**TASK DESCRIPTION:** Only the images are to be dropped; the records themselves must be repeated exactly.

**Stored records:**
--
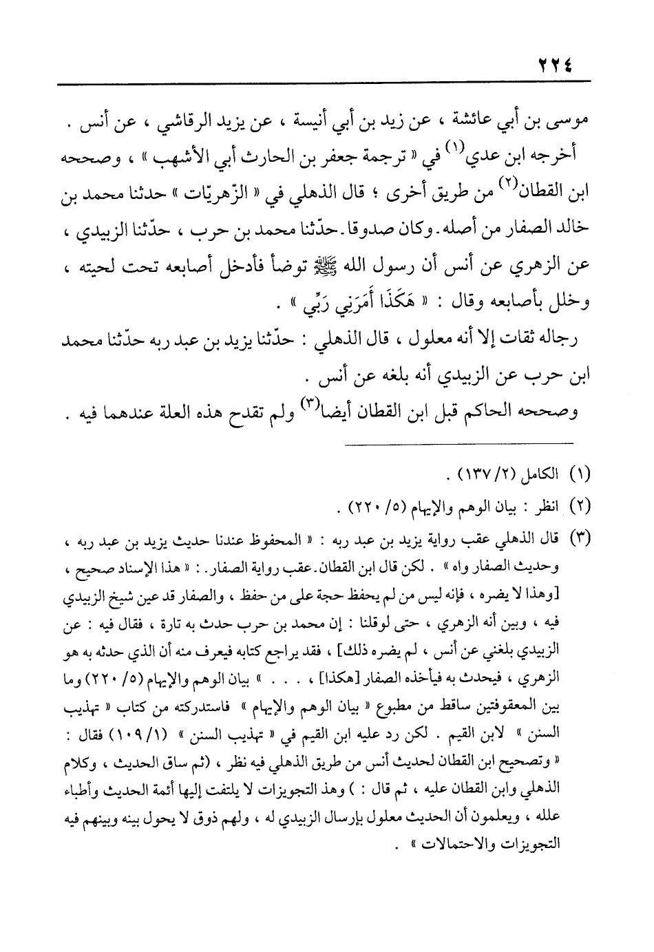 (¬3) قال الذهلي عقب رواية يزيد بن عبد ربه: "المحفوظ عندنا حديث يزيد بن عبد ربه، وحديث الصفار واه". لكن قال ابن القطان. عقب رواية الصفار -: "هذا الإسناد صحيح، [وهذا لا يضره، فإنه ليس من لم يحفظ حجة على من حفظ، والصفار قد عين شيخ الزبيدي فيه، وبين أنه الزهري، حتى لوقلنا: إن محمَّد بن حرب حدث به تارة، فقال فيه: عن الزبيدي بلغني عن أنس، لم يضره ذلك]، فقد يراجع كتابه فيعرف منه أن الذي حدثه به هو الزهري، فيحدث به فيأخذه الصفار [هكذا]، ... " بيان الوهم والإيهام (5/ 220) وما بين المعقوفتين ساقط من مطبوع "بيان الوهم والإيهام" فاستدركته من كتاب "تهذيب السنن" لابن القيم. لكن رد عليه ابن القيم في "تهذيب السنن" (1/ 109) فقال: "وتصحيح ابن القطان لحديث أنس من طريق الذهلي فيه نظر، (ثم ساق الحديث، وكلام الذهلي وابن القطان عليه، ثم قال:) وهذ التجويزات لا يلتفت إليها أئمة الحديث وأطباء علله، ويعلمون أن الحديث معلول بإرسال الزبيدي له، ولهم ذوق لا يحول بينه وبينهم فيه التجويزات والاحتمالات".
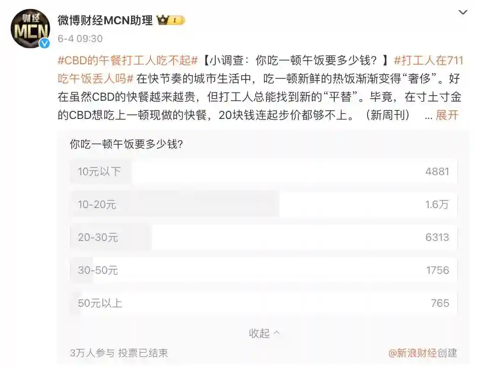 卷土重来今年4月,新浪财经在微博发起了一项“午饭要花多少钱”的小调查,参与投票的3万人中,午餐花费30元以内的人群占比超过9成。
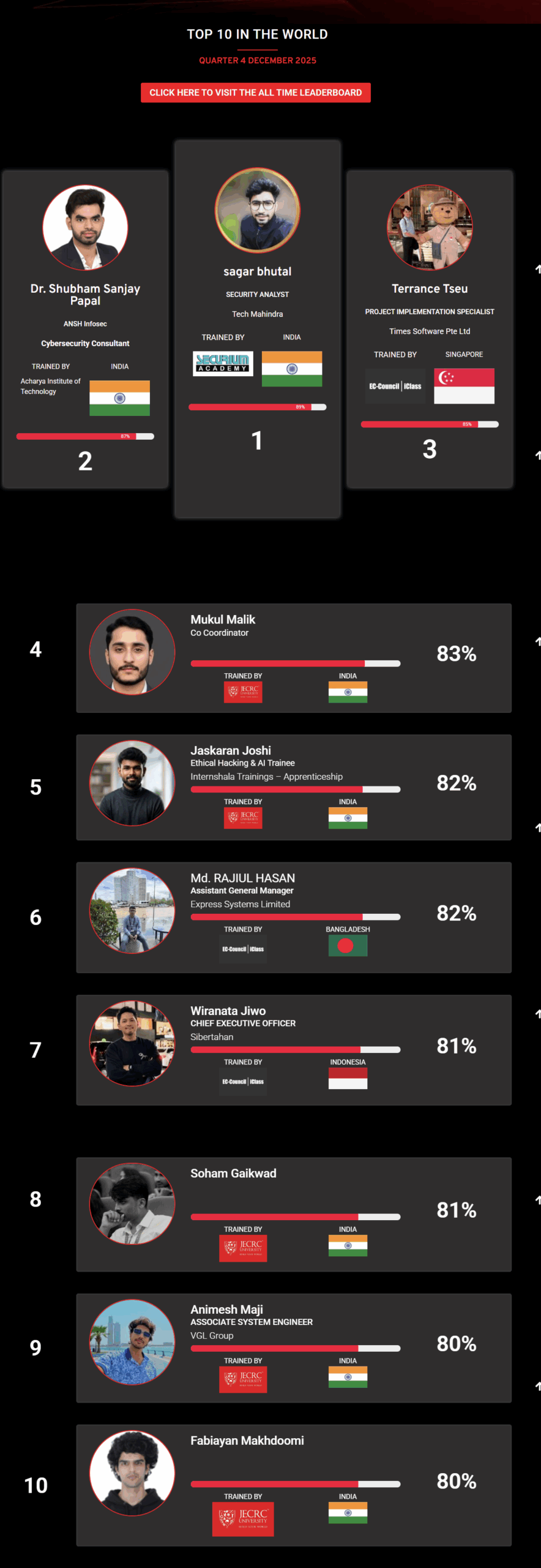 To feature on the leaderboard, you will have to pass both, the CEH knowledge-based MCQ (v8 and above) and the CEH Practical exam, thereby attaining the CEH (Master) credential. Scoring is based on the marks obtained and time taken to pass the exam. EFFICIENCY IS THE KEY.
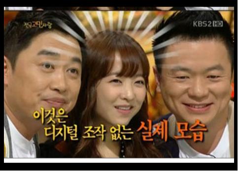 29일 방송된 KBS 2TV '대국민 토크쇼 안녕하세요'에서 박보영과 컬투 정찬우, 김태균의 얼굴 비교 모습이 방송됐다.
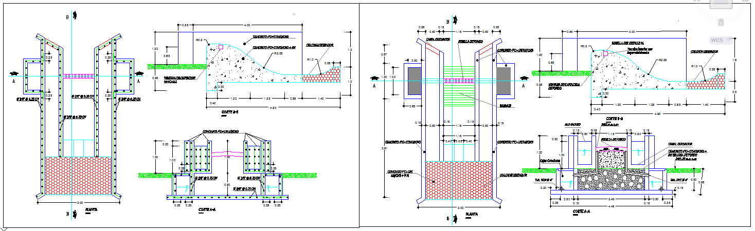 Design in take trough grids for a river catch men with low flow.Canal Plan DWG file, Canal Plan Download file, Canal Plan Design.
--
**ANSWER TO THE EXERCISE:**
 (¬3) قال الذهلي عقب رواية يزيد بن عبد ربه: "المحفوظ عندنا حديث يزيد بن عبد ربه، وحديث الصفار واه". لكن قال ابن القطان. عقب رواية الصفار -: "هذا الإسناد صحيح، [وهذا لا يضره، فإنه ليس من لم يحفظ حجة على من حفظ، والصفار قد عين شيخ الزبيدي فيه، وبين أنه الزهري، حتى لوقلنا: إن محمَّد بن حرب حدث به تارة، فقال فيه: عن الزبيدي بلغني عن أنس، لم يضره ذلك]، فقد يراجع كتابه فيعرف منه أن الذي حدثه به هو الزهري، فيحدث به فيأخذه الصفار [هكذا]، ... " بيان الوهم والإيهام (5/ 220) وما بين المعقوفتين ساقط من مطبوع "بيان الوهم والإيهام" فاستدركته من كتاب "تهذيب السنن" لابن القيم. لكن رد عليه ابن القيم في "تهذيب السنن" (1/ 109) فقال: "وتصحيح ابن القطان لحديث أنس من طريق الذهلي فيه نظر، (ثم ساق الحديث، وكلام الذهلي وابن القطان عليه، ثم قال:) وهذ التجويزات لا يلتفت إليها أئمة الحديث وأطباء علله، ويعلمون أن الحديث معلول بإرسال الزبيدي له، ولهم ذوق لا يحول بينه وبينهم فيه التجويزات والاحتمالات".
 卷土重来今年4月,新浪财经在微博发起了一项“午饭要花多少钱”的小调查,参与投票的3万人中,午餐花费30元以内的人群占比超过9成。
 To feature on the leaderboard, you will have to pass both, the CEH knowledge-based MCQ (v8 and above) and the CEH Practical exam, thereby attaining the CEH (Master) credential. Scoring is based on the marks obtained and time taken to pass the exam. EFFICIENCY IS THE KEY.
 29일 방송된 KBS 2TV '대국민 토크쇼 안녕하세요'에서 박보영과 컬투 정찬우, 김태균의 얼굴 비교 모습이 방송됐다.
 Design in take trough grids for a river catch men with low flow.Canal Plan DWG file, Canal Plan Download file, Canal Plan Design.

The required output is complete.